#### [Prompt]
Copy the lines below, word for word, from the first through the line containing "Red and White Kahdi Cotton Saree". Leave the pictures out.
*** Begin section ***
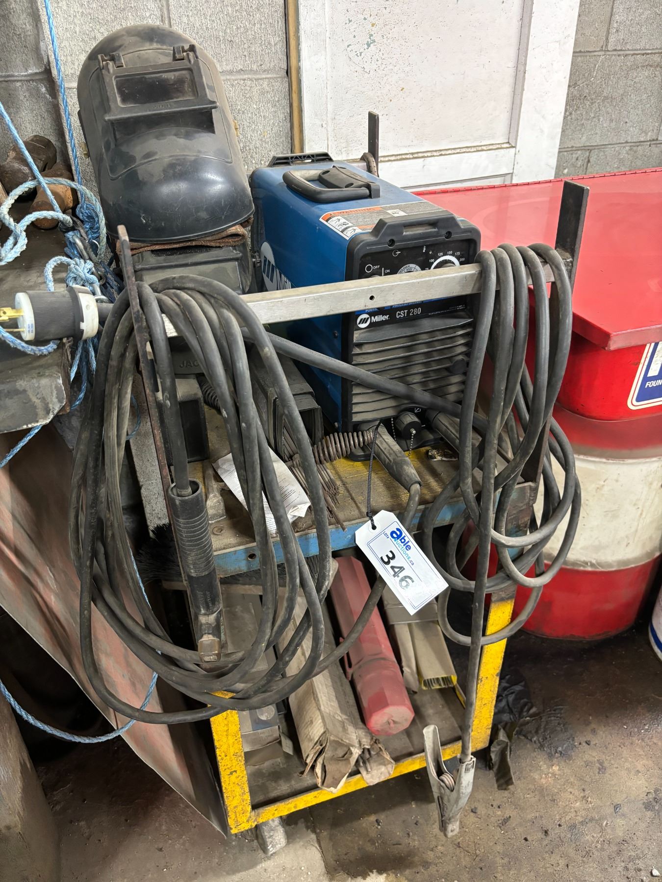 MILLER CST 280 MIG WELDER WITH HELMETS/ELECTRODES AND ROLLING WORK CART
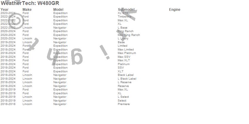Below is an abbreviated list of applications for the All Weather Floor Mats.Expedition, Navigator, Ford, Lincoln, 2024, 2023, 2022, 2021, 2020, 2019, 2018
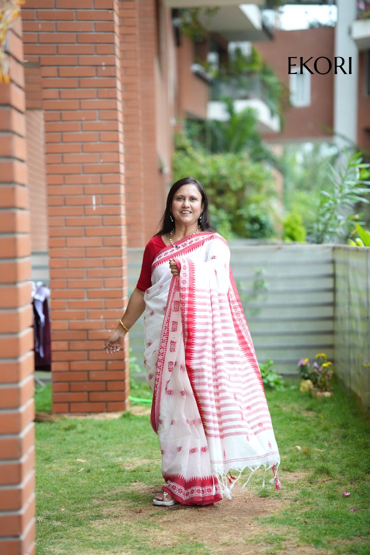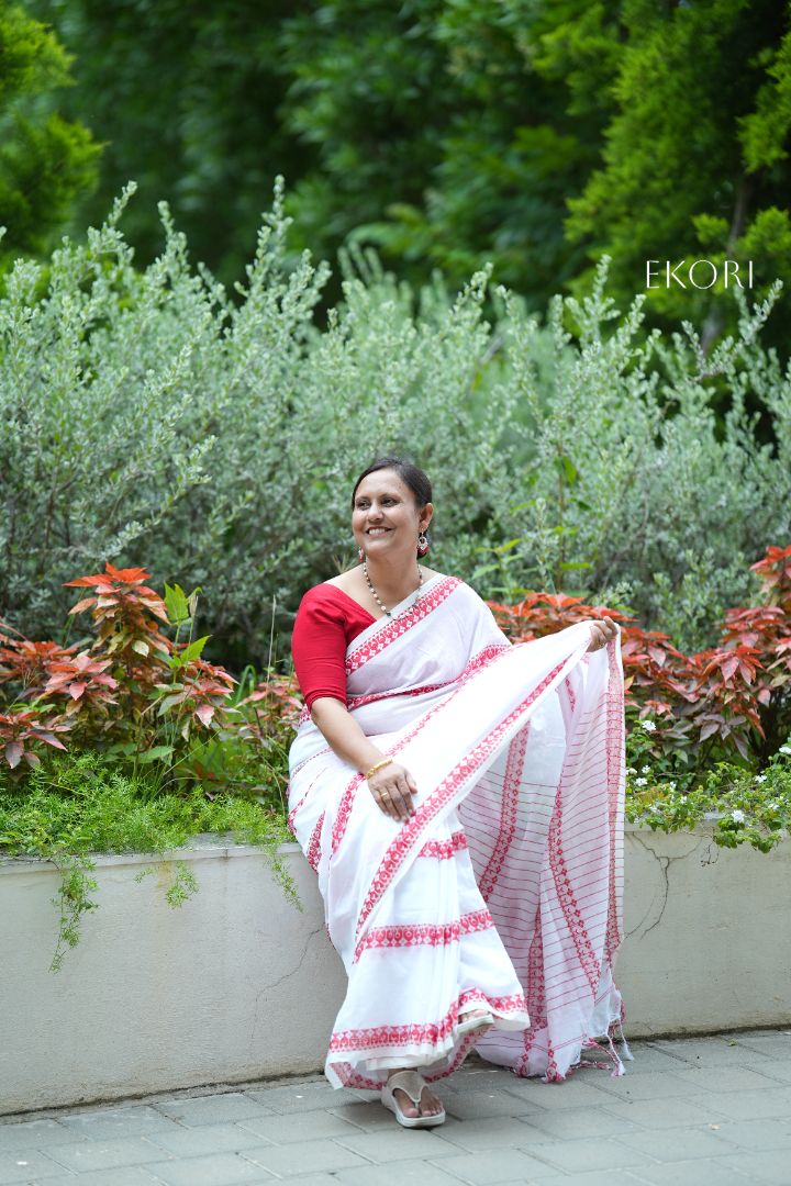 Red and White Kahdi Cotton Saree
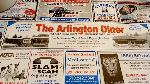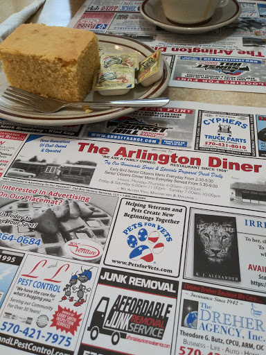 This family owned diner is my familys favorite go to diner for breakfast, lunch, dinner, or just an evening stop for desert. The staff is always friendly, and since most have worked their for years you get to know them. A few have seen our daughter grow up. The food is Excellent, and their is always something new on the menu. They also have the best file slaw, homemade, in the Poconos. It is very family friendly. We highly recommend the Arlington Diner.
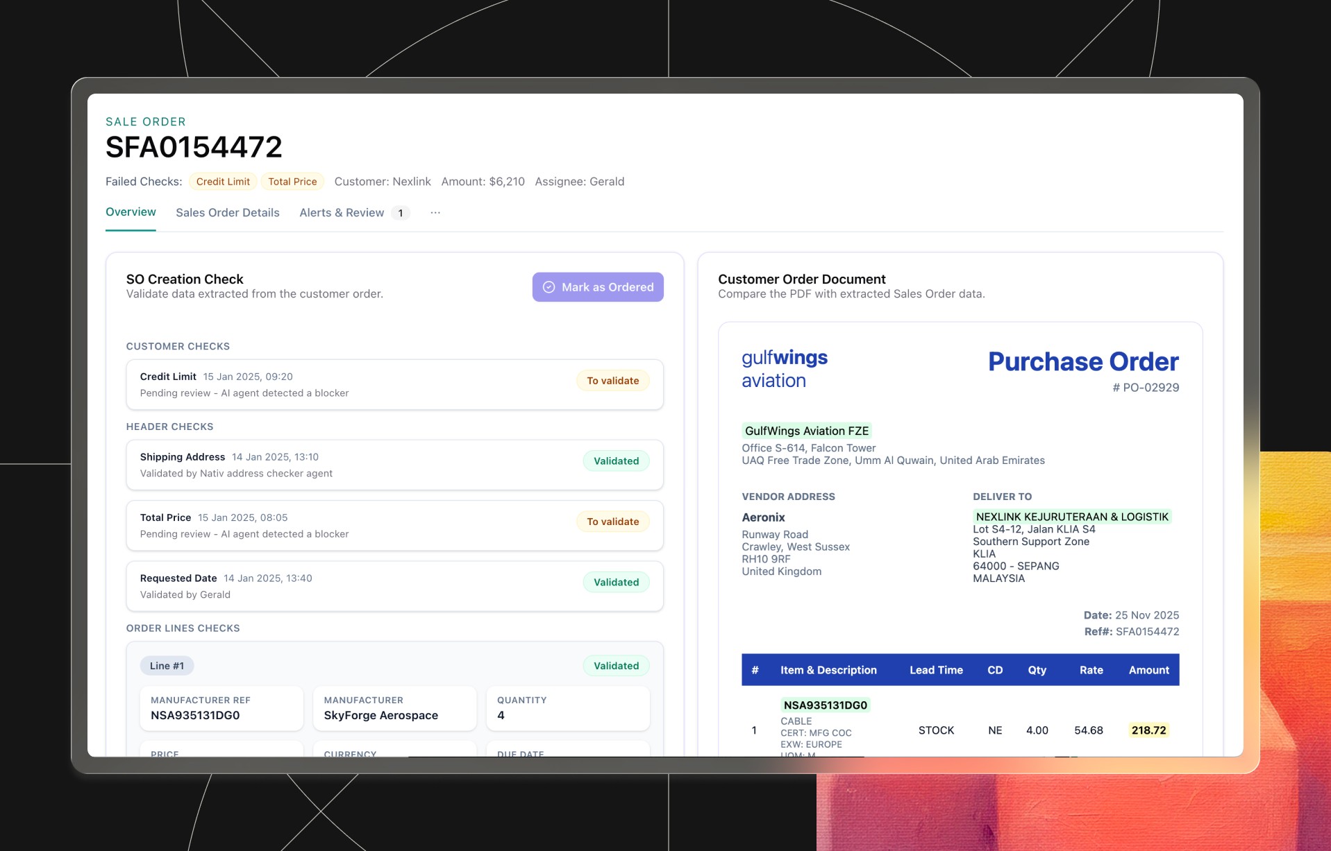 Orders validated before ERP execution
*** End section ***
#### [Response]
 MILLER CST 280 MIG WELDER WITH HELMETS/ELECTRODES AND ROLLING WORK CART
Below is an abbreviated list of applications for the All Weather Floor Mats.Expedition, Navigator, Ford, Lincoln, 2024, 2023, 2022, 2021, 2020, 2019, 2018
 Red and White Kahdi Cotton Saree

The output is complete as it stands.